> **Directions for this task**
Although the data below contains pictures, please reproduce only its words, exactly.

> **Information supplied**
——
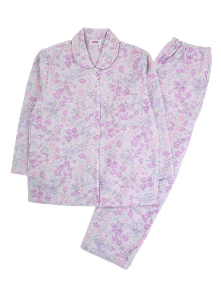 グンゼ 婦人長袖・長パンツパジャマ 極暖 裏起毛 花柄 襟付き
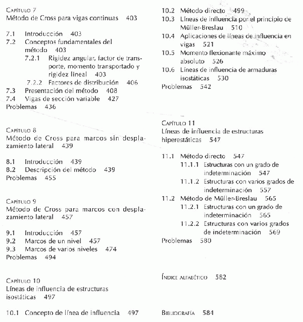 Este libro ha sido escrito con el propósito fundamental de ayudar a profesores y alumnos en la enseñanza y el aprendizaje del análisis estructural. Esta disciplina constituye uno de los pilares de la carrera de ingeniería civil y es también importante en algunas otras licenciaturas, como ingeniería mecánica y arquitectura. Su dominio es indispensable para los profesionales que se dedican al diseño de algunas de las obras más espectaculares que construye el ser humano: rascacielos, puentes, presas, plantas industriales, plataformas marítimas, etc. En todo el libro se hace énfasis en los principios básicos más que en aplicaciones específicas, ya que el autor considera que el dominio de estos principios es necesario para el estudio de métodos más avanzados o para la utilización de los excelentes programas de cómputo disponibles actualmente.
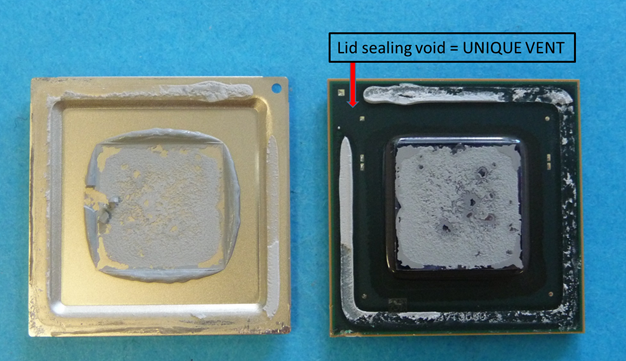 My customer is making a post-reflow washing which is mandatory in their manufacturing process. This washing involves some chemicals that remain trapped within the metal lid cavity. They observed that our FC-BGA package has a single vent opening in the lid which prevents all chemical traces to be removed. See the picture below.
——
> **Exercise solution**
 グンゼ 婦人長袖・長パンツパジャマ 極暖 裏起毛 花柄 襟付き
 Este libro ha sido escrito con el propósito fundamental de ayudar a profesores y alumnos en la enseñanza y el aprendizaje del análisis estructural. Esta disciplina constituye uno de los pilares de la carrera de ingeniería civil y es también importante en algunas otras licenciaturas, como ingeniería mecánica y arquitectura. Su dominio es indispensable para los profesionales que se dedican al diseño de algunas de las obras más espectaculares que construye el ser humano: rascacielos, puentes, presas, plantas industriales, plataformas marítimas, etc. En todo el libro se hace énfasis en los principios básicos más que en aplicaciones específicas, ya que el autor considera que el dominio de estos principios es necesario para el estudio de métodos más avanzados o para la utilización de los excelentes programas de cómputo disponibles actualmente.
 My customer is making a post-reflow washing which is mandatory in their manufacturing process. This washing involves some chemicals that remain trapped within the metal lid cavity. They observed that our FC-BGA package has a single vent opening in the lid which prevents all chemical traces to be removed. See the picture below.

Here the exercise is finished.